# WORK TO COMPLETE
Copy the records below exactly, starting at the line that contains "1、云网资源建设要想将医院P" and ending at the line that contains "Just 7 minutes"; leave out any pictures.

===== SUPPLIED INFORMATION =====

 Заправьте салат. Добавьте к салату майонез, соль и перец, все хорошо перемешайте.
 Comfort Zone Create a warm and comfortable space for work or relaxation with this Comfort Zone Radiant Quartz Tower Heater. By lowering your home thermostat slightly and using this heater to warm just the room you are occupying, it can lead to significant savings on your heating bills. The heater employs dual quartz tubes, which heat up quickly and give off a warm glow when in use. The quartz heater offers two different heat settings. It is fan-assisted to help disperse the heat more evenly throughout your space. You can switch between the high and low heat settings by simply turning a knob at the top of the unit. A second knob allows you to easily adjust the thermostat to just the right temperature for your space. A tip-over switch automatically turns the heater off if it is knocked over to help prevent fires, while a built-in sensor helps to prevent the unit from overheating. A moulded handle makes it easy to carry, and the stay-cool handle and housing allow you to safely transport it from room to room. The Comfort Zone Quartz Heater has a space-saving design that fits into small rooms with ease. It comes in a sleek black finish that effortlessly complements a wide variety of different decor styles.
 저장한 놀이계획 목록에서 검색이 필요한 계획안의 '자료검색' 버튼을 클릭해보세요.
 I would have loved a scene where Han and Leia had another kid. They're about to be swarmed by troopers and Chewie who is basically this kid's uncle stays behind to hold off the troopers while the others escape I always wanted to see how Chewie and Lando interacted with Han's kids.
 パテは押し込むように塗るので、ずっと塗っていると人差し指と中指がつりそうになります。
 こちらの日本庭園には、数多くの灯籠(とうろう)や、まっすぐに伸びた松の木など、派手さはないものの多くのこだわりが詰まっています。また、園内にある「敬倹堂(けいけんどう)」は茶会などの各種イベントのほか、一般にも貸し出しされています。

=====
===== SUPPLIED INFORMATION =====

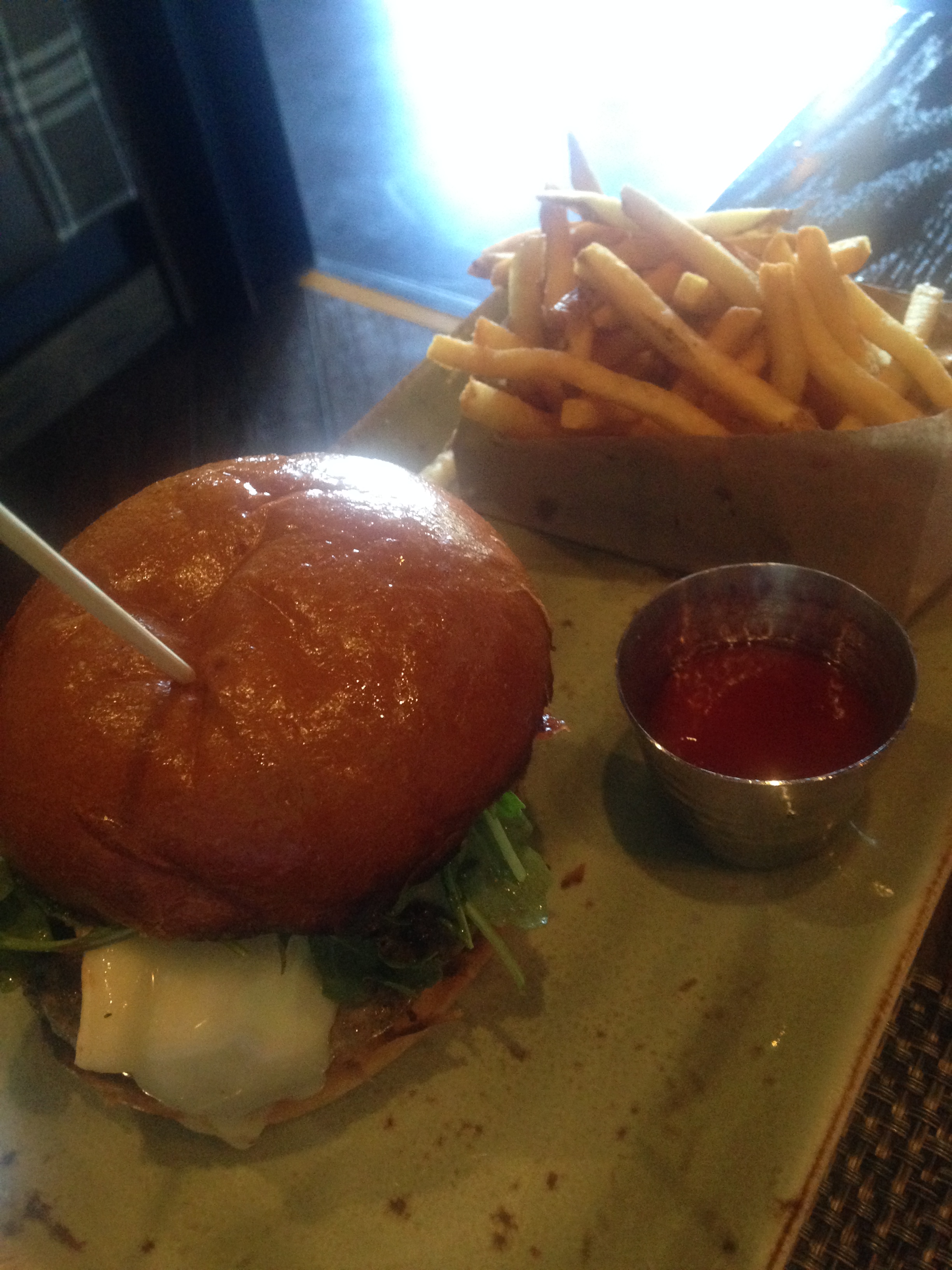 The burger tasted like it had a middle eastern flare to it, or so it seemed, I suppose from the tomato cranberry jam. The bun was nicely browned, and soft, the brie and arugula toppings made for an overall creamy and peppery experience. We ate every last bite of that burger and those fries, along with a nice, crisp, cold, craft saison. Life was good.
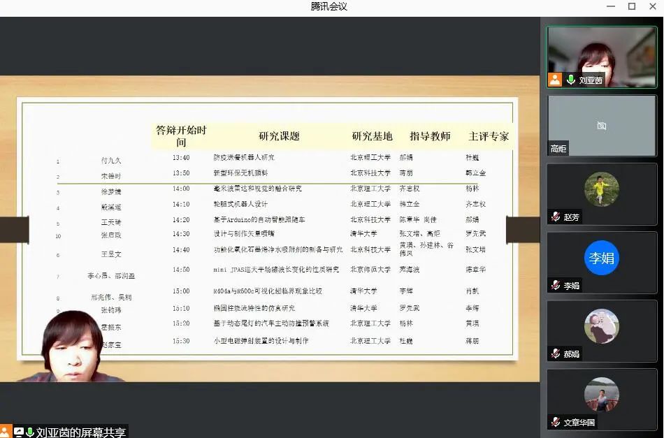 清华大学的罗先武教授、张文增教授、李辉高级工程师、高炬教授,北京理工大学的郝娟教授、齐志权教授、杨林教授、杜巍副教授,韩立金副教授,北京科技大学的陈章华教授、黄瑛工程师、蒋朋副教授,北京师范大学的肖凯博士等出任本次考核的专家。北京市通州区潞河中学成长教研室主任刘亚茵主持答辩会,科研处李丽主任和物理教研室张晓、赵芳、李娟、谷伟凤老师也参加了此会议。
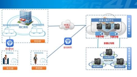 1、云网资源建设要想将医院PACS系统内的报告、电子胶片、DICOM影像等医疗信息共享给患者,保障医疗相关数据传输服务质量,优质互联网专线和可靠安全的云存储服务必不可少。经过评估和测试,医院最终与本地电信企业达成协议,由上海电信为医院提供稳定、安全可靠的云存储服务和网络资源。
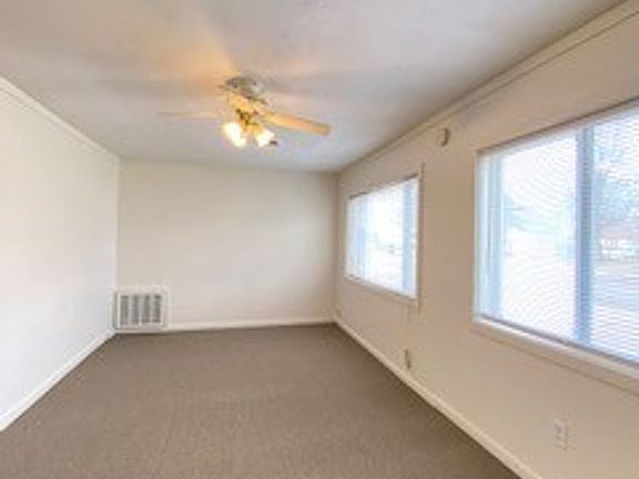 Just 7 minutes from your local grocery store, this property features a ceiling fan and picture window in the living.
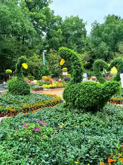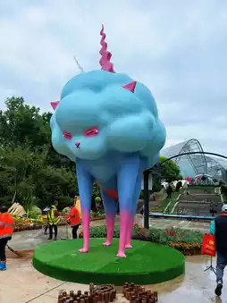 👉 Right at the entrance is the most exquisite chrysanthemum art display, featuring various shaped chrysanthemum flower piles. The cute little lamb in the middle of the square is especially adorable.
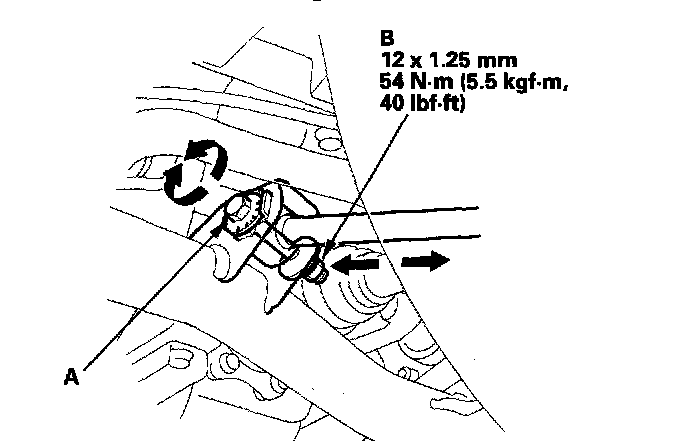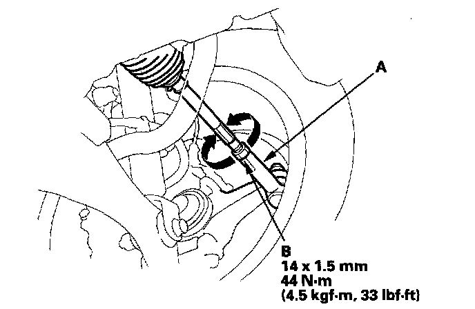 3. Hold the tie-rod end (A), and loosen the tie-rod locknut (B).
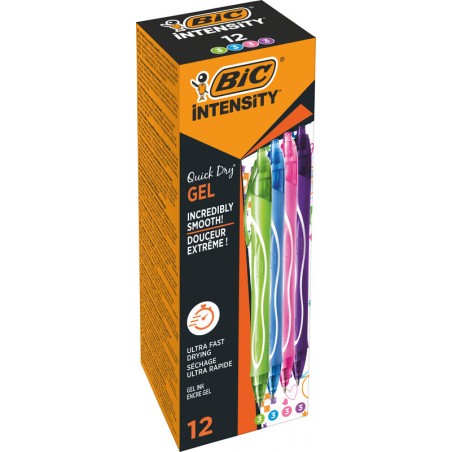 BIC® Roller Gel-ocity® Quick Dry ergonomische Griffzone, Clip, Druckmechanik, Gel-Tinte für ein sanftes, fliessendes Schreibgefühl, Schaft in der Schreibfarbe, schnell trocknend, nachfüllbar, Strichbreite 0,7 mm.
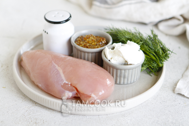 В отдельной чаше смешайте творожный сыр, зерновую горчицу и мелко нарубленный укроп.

=====

# WRITTEN SOLUTION
 1、云网资源建设要想将医院PACS系统内的报告、电子胶片、DICOM影像等医疗信息共享给患者,保障医疗相关数据传输服务质量,优质互联网专线和可靠安全的云存储服务必不可少。经过评估和测试,医院最终与本地电信企业达成协议,由上海电信为医院提供稳定、安全可靠的云存储服务和网络资源。
 Just 7 minutes from your local grocery store, this property features a ceiling fan and picture window in the living.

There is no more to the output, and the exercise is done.